# New Dragon Ball special.



## Yarnchu (Nov 24, 2008)

http://www.jumpland.com/animetour/db/index_en.html

Until the 31 of january, you can watch a subbed version legally for free. This movie is definatly a treat for Dragon Ball fans, and I see the possiblity for a new Dragon Ball series based on this. Also keep in mind that this is a special, which means it fits into the storyline of the anime unlike the movies. 

Anyways, just discuss this here.


----------



## Amoeba (Dec 5, 2008)

I didn't like it personally. When it ended, I knew what had happened, but I still said out aloud "what the heck just happened?".

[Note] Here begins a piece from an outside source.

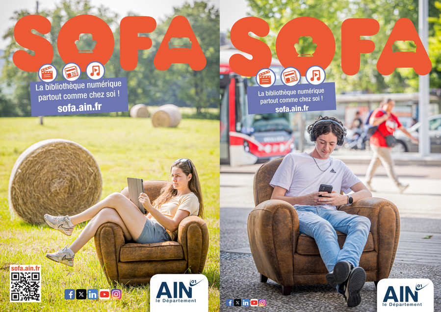 Rendez-vous sur sofa.ain.fr → Si vous habitez l’Ain et que vous avez plus de 15 ans, vous pouvez directement créer un compte test gratuit pendant 3 mois → Vous pouvez aussi vous rendre dans une des bibliothèques du territoire pour vous inscrire (avec autorisation parentale pour les moins de 15 ans)

Throughout the episode my boyfriend and I (ok, admittedly he's the real fan) were thinking "when is something interesting going to happen?" then it ended.

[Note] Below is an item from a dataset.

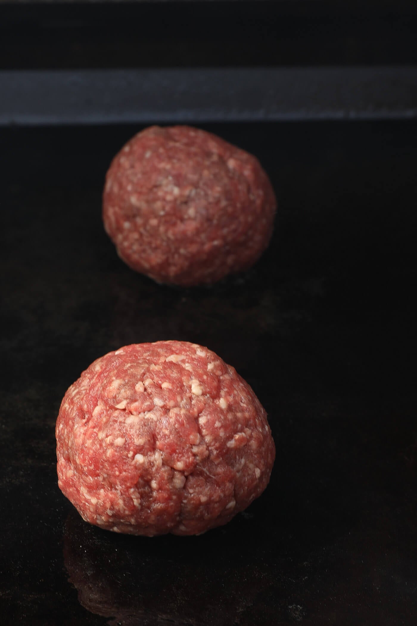 - Place the balls of beef on the griddle, leaving enough space in between each to smash them. Before smashing the burgers, allow them to sear (while still in ball form) for just a minute. After searing the balls, flip the balls of beef over so the seared section is facing up.

I think he was more disapointed than I was. I wasn't expecting it to be all that interesting anyway. But I do sort of agree with him it was lacking in something, it's very hard to describe. It was just sort of lacking in general entertainment, we found it a bit boring compared with the series and the movies.


----------



## Yarnchu (Dec 5, 2008)

...I swear I didn't put over 9000 as a tag.

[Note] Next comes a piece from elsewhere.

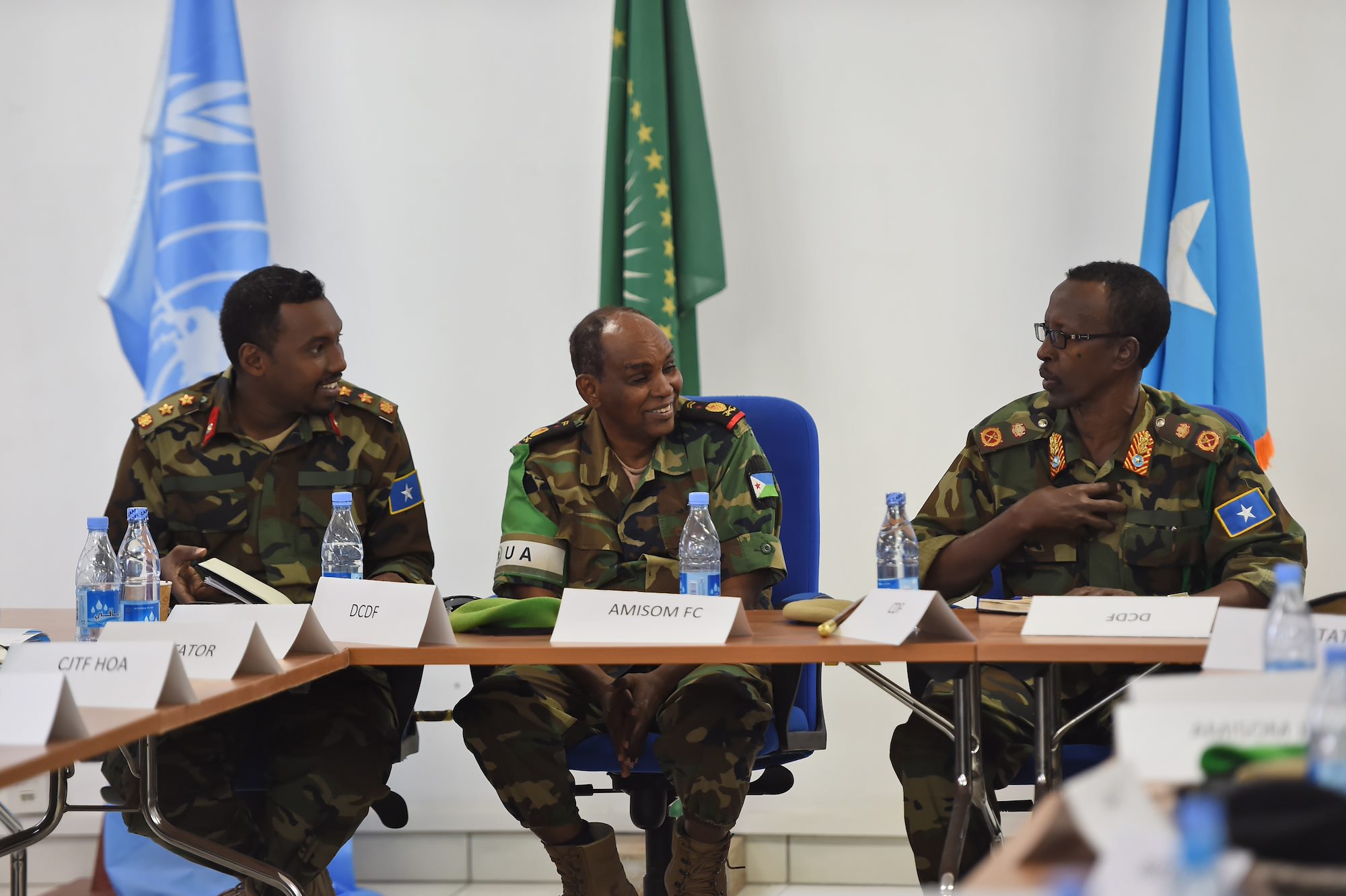 Somali National Army Chief of Defense Forces Maj. Gen. Mohammed Adan Ahmed, right, and Chief of Staff Col. Ahmed Mohammed, left, converse with African Union Mission in Somalia Force Commander Lt. Gen. Osman Noor Soubagleh during the SNA Symposium in downtown Mogadishu, Jan. 12, 2017. The symposium is part of an ongoing international effort to aid security conditions throughout Somalia by fostering the growth and revitalization of the national military defense force, which disbanded following the collapse of the country’s central government in 1991.

I think your problem is that you were comparing it _too_ much with Dragon Ball Z, when the movie itself is more reminescent of Dragon Ball. I personally think that it was made with the fans in mind, not the people who like the action and fighting. Still, it was nice to see the many references to the DB and DBZ, although Tarble/Table could have gotten some fighting in.


----------



## Amoeba (Dec 5, 2008)

Perhaps so. I just feel like not much happened in the way of character development or reflection or anything. A little bit of the obvious, but that was it. If that's not what I was meant to be looking for in it, well, I guess I completely missed out on what I was supposed to be seeing in it.


----------